Кольцо прочел на лице Иоанна одно желание посмеяться над его замешательством. Соображаясь с этим расположением, он потупил голову и погладил затылок, сдерживая на лукавых устах своих едва заметную улыбку.

– Всякого бывало, великий государь! – проговорил он вполголоса. – Виноваты перед твоею царскою милостью!

– Добро! – сказал Иоанн, – вы с Ермаком свои вины загладили, и все прошлое теперь забыто; а кабы ты прежде попался мне в руки, ну, тогда не прогневайся!..

Кольцо не отвечал ничего, но подумал про себя: «Затем-то и тогда и не пошел к тебе с повинною, великий государь!»

– Погоди-ка, – продолжал Иоанн, – здесь должен быть твой приятель!

– Эй! – сказал он, обращаясь к царедворцам, – здесь ли тот разбойничий воевода, как бишь его? Микита Серебряный?

Говор пробежал по толпе, и в рядах сделалось движение, но никто не отвечал.

– Слышите? – повторил Иоанн, возвышая голос, – я спрашиваю, тут ли тот Микита, что отпросился к Жиздре с ворами служить?
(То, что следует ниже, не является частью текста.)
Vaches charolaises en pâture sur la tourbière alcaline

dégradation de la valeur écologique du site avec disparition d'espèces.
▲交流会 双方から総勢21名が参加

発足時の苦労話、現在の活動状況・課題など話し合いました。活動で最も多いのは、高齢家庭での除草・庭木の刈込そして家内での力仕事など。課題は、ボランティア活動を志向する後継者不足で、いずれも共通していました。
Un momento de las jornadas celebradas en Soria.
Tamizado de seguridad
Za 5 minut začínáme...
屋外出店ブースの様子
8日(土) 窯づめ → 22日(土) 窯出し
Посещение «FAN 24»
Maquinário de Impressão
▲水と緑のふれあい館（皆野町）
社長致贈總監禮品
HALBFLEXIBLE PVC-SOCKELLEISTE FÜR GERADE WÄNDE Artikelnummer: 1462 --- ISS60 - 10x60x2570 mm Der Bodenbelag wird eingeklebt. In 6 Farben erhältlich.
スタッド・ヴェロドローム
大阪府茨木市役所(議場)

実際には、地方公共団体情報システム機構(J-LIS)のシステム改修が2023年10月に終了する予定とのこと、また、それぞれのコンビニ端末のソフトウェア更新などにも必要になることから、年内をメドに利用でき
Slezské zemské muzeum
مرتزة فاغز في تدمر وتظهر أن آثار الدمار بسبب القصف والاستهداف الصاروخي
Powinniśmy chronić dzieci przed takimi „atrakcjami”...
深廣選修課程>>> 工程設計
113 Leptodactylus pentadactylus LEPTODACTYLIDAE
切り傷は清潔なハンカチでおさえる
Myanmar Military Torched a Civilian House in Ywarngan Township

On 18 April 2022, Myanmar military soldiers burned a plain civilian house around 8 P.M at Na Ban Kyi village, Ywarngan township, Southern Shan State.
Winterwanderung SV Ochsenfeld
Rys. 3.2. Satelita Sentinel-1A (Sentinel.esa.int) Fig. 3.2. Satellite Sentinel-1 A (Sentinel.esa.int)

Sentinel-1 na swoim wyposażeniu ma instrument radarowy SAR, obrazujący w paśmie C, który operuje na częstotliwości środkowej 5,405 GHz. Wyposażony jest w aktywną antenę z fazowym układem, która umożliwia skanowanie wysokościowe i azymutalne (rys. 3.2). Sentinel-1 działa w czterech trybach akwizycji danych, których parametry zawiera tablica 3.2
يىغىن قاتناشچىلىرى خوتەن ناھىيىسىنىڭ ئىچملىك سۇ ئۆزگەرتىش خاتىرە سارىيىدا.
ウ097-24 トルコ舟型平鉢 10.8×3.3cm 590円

На вторичный вопрос царя выступил из рядов один старый боярин, бывший когда-то воеводою в Калуге.

– Государь, – сказал он с низким поклоном, – того, о ком ты спрашиваешь, здесь нет. Он в тот самый год, как пришел на Жиздру, тому будет семнадцать лет, убит татарами, и вся его дружина вместе с ним полегла.

– Право? – сказал Иоанн, – а я и не знал! Ну, – продолжал он, обращаясь к Кольцу, – на нет и суда нет, а я хотел вас свести да посмотреть, как вы поцелуетесь!

На лице атамана выразилась печаль.

– Жаль тебе, что ли, товарища? – спросил Иоанн с усмешкой.

– Жаль, государь! – отвечал Кольцо, не боясь раздражить царя этим признанием.

– Да, – сказал царь презрительно, – так оно и должно быть; свой своему поневоле брат!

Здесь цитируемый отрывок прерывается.